What is the formula for summation over a range?

can anyone give me a test case in which my solution is not working ?
It’s passing in all the test cases given here and sample test cases.
here’s my solution getting WA.
https://www.codechef.com/viewsolution/19811696

Please explain how to process multiple elements in a range simultaneously. I am not getting.

Can anyone help me to rectify where my program is failing
Solution Link-CodeChef: Practical coding for everyone

[24, 146] N=371 k=2 x=237
what should be output ?
There is a mistake in constraints x must be greater than N otherwise There won’t be any case possible where all are distinct and still difference between maximum and minimum does not exceed.
( I strongly believe the tester has added that cases otherwise my codes is giving correct for every valid input).
Here is the code :- CodeChef: Practical coding for everyone

hey i did it with same strategy but it is running out of time(TLE), i have checked it thoroughly, please somebody look into it Coding Blocks IDE (commented code) , https://www.codechef.com/viewsolution/19797503(submission)… if have any test cases please give them

what if the test case is …
4 2 4
1e9-2,1e9-2

in that case number might be greater than 1e9 which is the contradiction of the given constraints ??

i dont know why i am getting wrong answer ,i checked with all test cases help me @taran_1407
link text

Entertain the possibility that the minimum number can be some number less than minimum of the pi’s;
Test Case -
1
13 4 10
4 5 9 13

Please anyone take a look at my code and tell me where am I doing it wrong?

ll t;scanf("%lld",&t);
while(t--)
{
	ll n,k,x;scanf("%lld %lld %lld",&n,&k,&x);
	ll a[k+1];
	ll s=0,cou=k;
	f(k)
	{
	    scanf("%lld",&a[i]);
	    s+=a[i];
	}
	sort(a,a+k);
	a[k]=a[0]+x+1;
	repb(i,k,1)
	{
		if(a[i]-a[i-1]>1)
		{
			if((cou+a[i]-1-a[i-1])<=n)
			{
				s+=(a[i]*(a[i]-1))/2;
				s-=(a[i-1]*(a[i-1]+1))/2;
				cou+=a[i]-a[i-1]-1;
			}
			else
			{
				s+=(a[i]*(a[i]-1))/2;
				ll need=n-cou;
				need=a[i]-1-need;
				s-=(need*(need+1))/2;
			}
		}

	}
	printf("%lld\n",s);
}

The aim og adding fictitious element depend upon the implementation.

Yes min+X can also be used.

See editorialist solution.

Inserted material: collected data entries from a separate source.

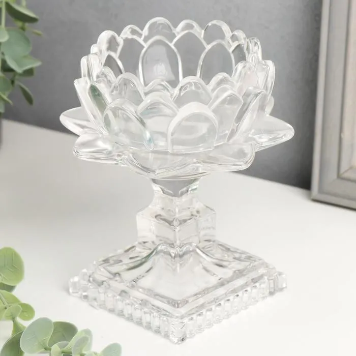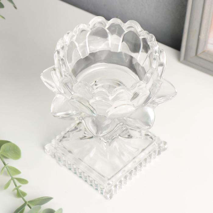 Стеклянный подсвечник на 1 свечу «Лотос», прозрачный, 12.5×12.3×12.3 см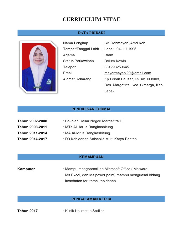 Contoh Curriculum Vitae Kebidanan - Gawe CV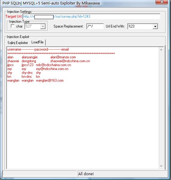 经常碰到这样的注入环境,但有的时候网上给的工具并不能完全应付所有的环境。比如有的会有过滤啊啥的,为了方便我特意写了这个工具。基本上可以应付所有的php+mysql5的注入环境,因为自己可以直接修改注入语句,所以只要手工能绕过的过滤,该工具都可以。而且我添加了最新使用group_concat获取数据的方式,可以大大降低注入时提交的语句量和获取数据的时间。先看看界面吧: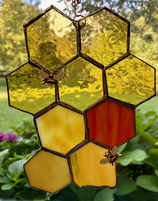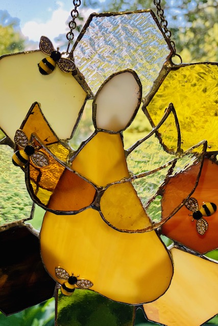 I also have new, gorgeous suncatchers from my niece & nephew’s glazier grandma, Mary Nolan. She designs beautiful, bespoke bee and honeycomb glass for me.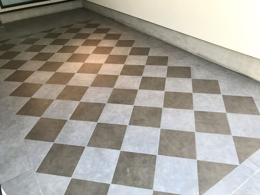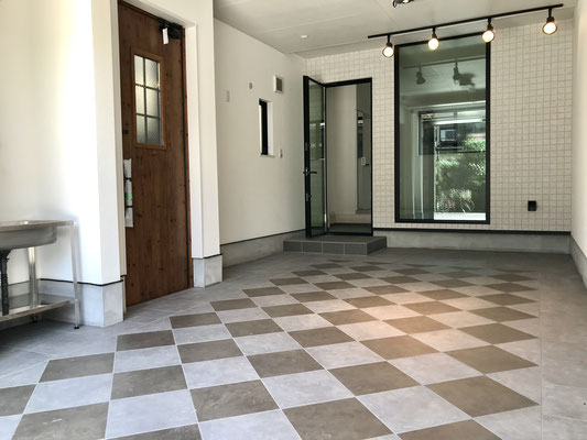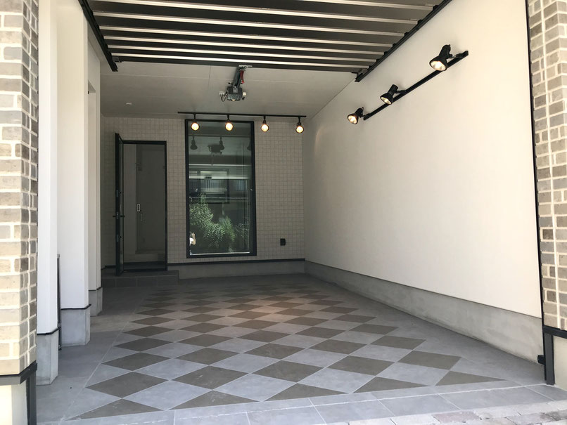 タイル張りのガレージは落ち着いた雰囲気でどんな車両でも似合いそう♪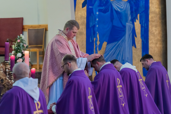 Eligijus Žakys įšventintas apaštalų ženklu – vyskupo ir kunigų rankų uždėjimu bei konsekracijos malda, prašant Dievą išlieti Šventąją Dvasią.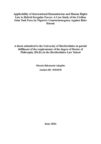 Applicability of International Humanitarian and Human Rights Law to Hybrid Irregular Forces: a Case Study of the Civilian Joint Task Force in Nigeria's Counterinsurgency Against Boko Haram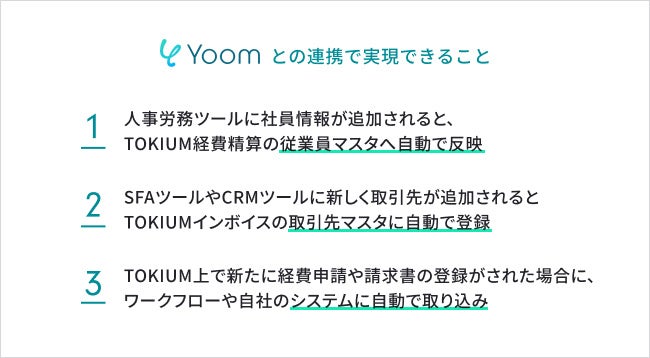 支出管理プラットフォームTOKIUM、iPaasサービスを提供する「Yoom」とのAPI連携を開始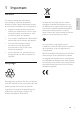 1 Important Sécurité • L’appareil ne doit pas être exposé aux fuites et aux éclaboussures. Aucun objet rempli de liquide, par exemple un vase, ne doit être placé sur l’appareil. • Pour couper complètement l’alimentation, débranchez la prise secteur de l’appareil. • Si la fiche d’alimentation secteur est utilisée comme dispositif de sectionnement, celle-ci doit rester facilement accessible. • Aucune flamme nue, par exemple une bougie allumée, ne doit être placée sur l’appareil.
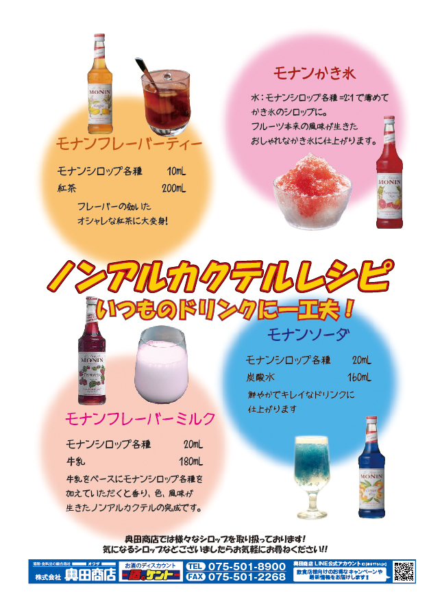 作成した2020年は、飲食店の営業時間縮小でアルコール提供ができない状態だったので、シロップを用いたノンアルカクテルレシピの調査と、販促対象の商品の選定を行った。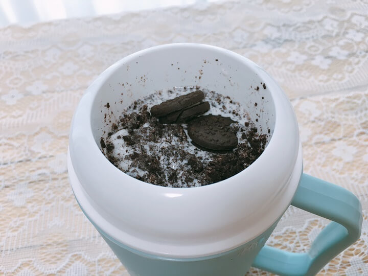 最後に試したのは牛乳+チョコクッキー。私はオレオクッキーを使用しています。クッキーは先に袋に入れて砕いておいてくださいね。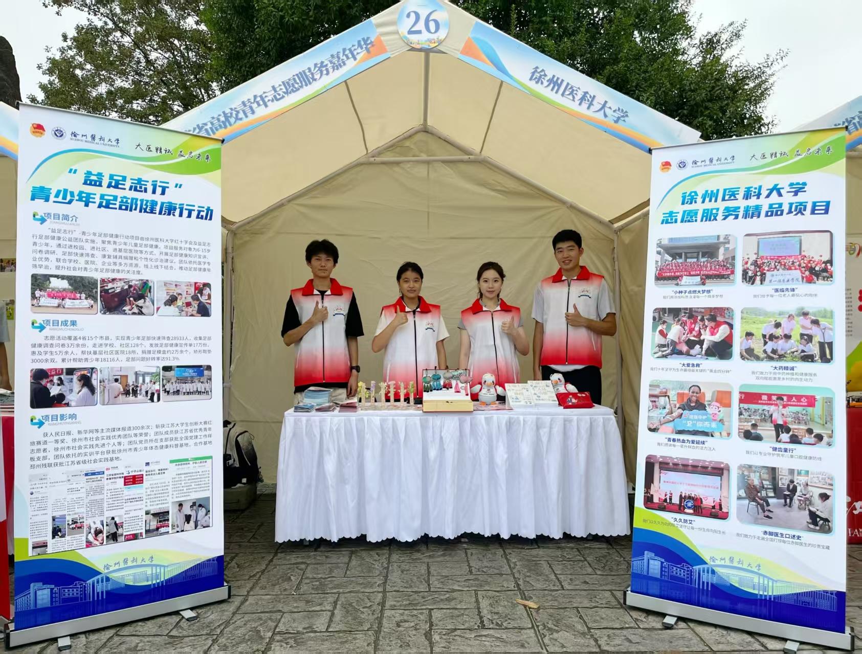 此外,省高校青年志愿服务嘉年华在南京审计大学同期举办,我校代表团展示了志愿实践相关香包文创、宣传手册、科普书籍等作品,与全省其他84所高校开展广泛交流。

I first add all K elements. That’s why i use exclusive bounds in my solution. See editorialist solution.

Corrected.

Aim is simple. We have K elements. Select N-K more elements such that sum is maximized. But cannot select elements such that absolute difference is greater than X. So, we start from min+x, the maximum element which can be included, and check each number smaller tham it in reverse order, till we find N-K elements. Since n is upto 1e9 , we need to process multiple elements in a range simultaneously, as explained above.

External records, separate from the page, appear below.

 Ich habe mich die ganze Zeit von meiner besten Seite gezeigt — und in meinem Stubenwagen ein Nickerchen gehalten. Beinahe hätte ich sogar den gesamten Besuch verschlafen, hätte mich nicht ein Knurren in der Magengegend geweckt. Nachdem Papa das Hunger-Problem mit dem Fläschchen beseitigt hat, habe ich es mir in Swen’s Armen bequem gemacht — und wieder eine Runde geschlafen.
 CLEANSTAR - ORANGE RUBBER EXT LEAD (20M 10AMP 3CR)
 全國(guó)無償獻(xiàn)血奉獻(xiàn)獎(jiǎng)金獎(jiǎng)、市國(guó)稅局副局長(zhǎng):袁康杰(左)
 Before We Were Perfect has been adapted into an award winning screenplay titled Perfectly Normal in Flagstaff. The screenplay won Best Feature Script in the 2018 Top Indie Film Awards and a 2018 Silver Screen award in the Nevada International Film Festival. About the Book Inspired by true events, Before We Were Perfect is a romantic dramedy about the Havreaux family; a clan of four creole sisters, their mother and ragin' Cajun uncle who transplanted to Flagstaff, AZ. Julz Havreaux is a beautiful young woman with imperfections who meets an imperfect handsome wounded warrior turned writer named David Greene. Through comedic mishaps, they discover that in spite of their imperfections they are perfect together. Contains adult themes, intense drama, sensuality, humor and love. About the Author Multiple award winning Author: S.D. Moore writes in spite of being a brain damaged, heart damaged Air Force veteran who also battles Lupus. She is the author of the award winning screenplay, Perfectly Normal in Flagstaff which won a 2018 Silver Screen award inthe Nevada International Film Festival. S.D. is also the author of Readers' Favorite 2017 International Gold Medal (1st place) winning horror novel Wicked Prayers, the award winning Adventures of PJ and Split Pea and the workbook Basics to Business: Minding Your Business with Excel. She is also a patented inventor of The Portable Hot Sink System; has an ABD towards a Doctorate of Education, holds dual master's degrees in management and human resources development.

@tarzan_1407 can you please tell why my solution is getting RUNTIME ERROR(sigsegv).

Inconvenience is regretted.

There was a confusion.

We intended the constraint on pi to apply only on first K elements, which are given in input. Remaining elements can be greater than 1e9.

Let Function f(N) be Sum of first N natural numbers is given by (N+1)*N/2. For a range [L, R] (Both L and R inclusive), sum of range is f® - f(L-1).

Consider test case

9 3 10

1 5 10

In this, first add (1+5+10) to answer. Then, add an element min+x+1 = 12 to array and sort it.

Array looks like 1 5 10 12. This means that we can include N-k = 6 elements {11}, {9,8,7,6}, {4,3,2}. Now, see that ideal strategy is to include largest numbers.

After adding 11 to sum, since we know that (5, 10) contains 4 elements while we need 5 elements, we add whole range. 6+7+8+9 = f(9) - f(5), f(n) denotes sum of first n natural numbers.